Entries taken from a collection
☆ ☆ ☆ ☆

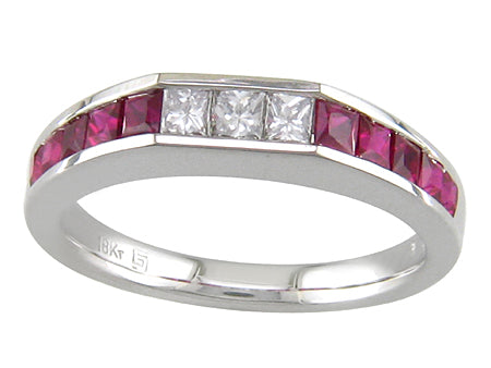 18K White Gold Ruby & Diamond Band
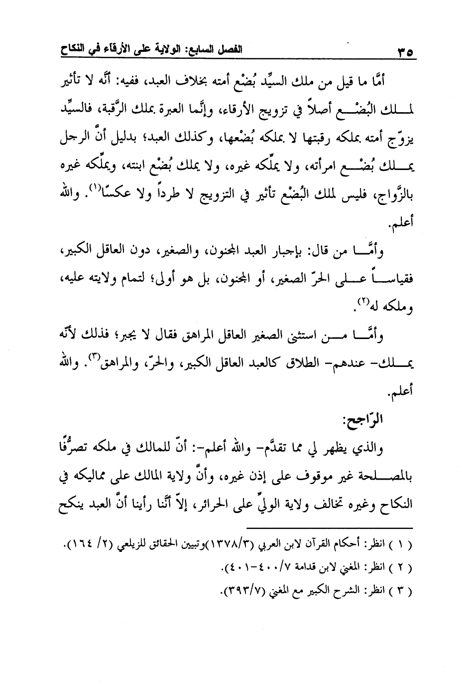 والذي يظهر لي مما تقدَّم- والله أعلم-: أنّ للمالك في ملكه تصرُّفًا بالمصلحة غير موقوف على إذن غيره، وأنَّ ولاية المالك على مماليكه في النكاح وغيره تخالف ولاية الوليِّ على الحرائر، إلاّ أنَّنا رأينا أنَّ العبد ينكح
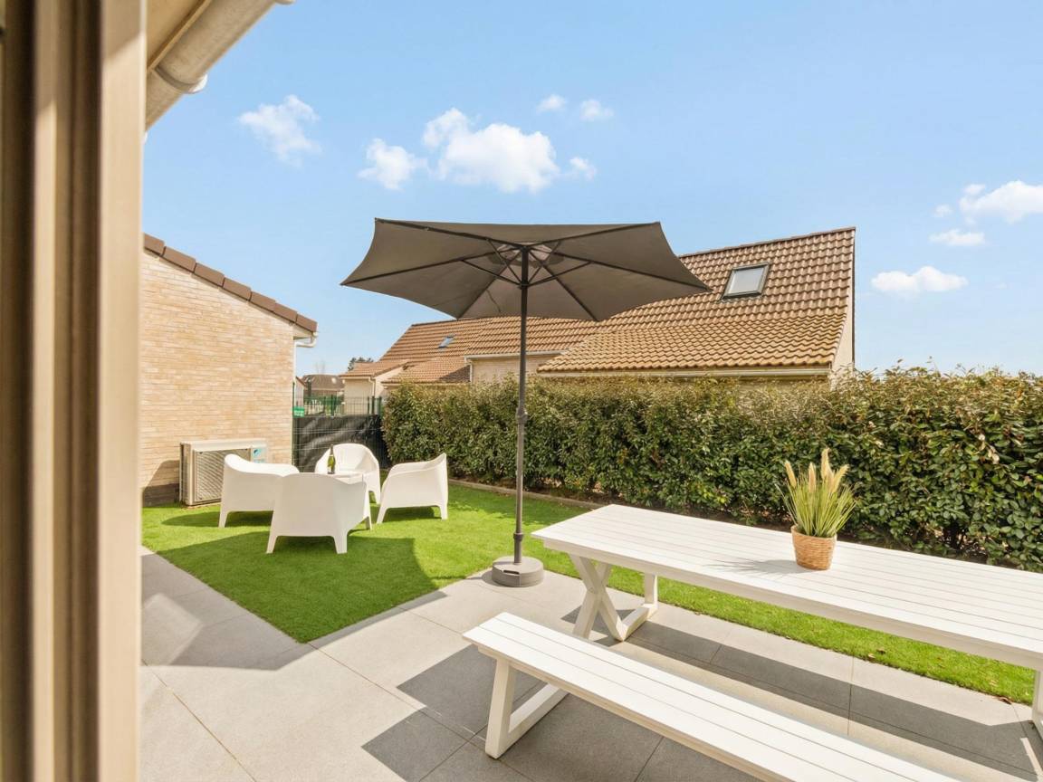 Terrasse, Garten(alleinige Nutzung, umzäunt), Gartenmöbel, BBQ(elektrisch), 1x Parkplatz, Parasol
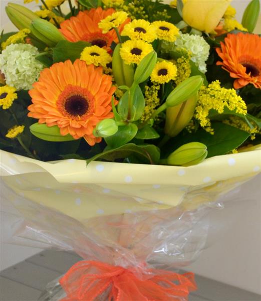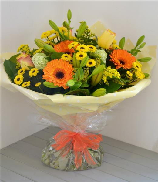Who could resist this cheerful hand tied in oranges and yellows, perfect to bring some sunshine into someone's life. Photo depicts standard price.
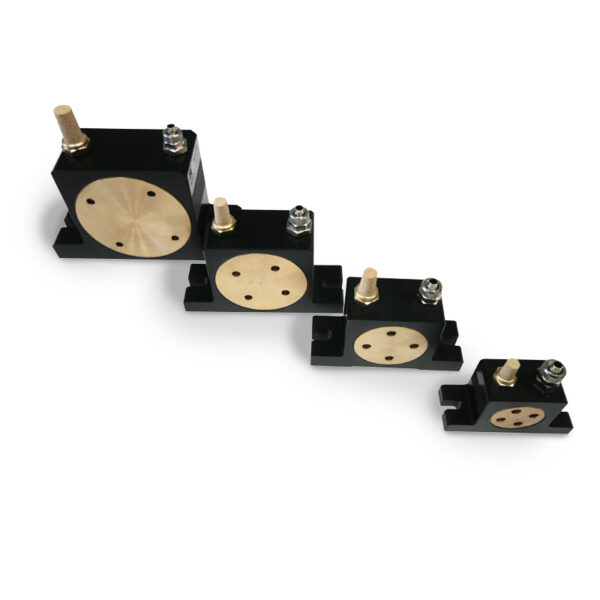 Los vibradores neumáticos rotativos de rodillo OLI de la serie OR genera una vibración de alta frecuencia debido a la rotación a alta velocidad de un rodillo, que describe un movimiento epicicloidal dentro de dos alojamientos de acero endurecido y rectificado. La serie OR se caracteriza por su alta velocidad, gran fuerza centrífuga (hasta 783 kg) y bajo consumo de aire.

☆ ☆ ☆ ☆

_EXERCISE:_ Beginning at the line with "1x Parkplatz, Parasol", reproduce each line exactly through the last line of the records above, with pictures left out.

_WRITTEN ANSWER:_
 Terrasse, Garten(alleinige Nutzung, umzäunt), Gartenmöbel, BBQ(elektrisch), 1x Parkplatz, Parasol
Who could resist this cheerful hand tied in oranges and yellows, perfect to bring some sunshine into someone's life. Photo depicts standard price.
 Los vibradores neumáticos rotativos de rodillo OLI de la serie OR genera una vibración de alta frecuencia debido a la rotación a alta velocidad de un rodillo, que describe un movimiento epicicloidal dentro de dos alojamientos de acero endurecido y rectificado. La serie OR se caracteriza por su alta velocidad, gran fuerza centrífuga (hasta 783 kg) y bajo consumo de aire.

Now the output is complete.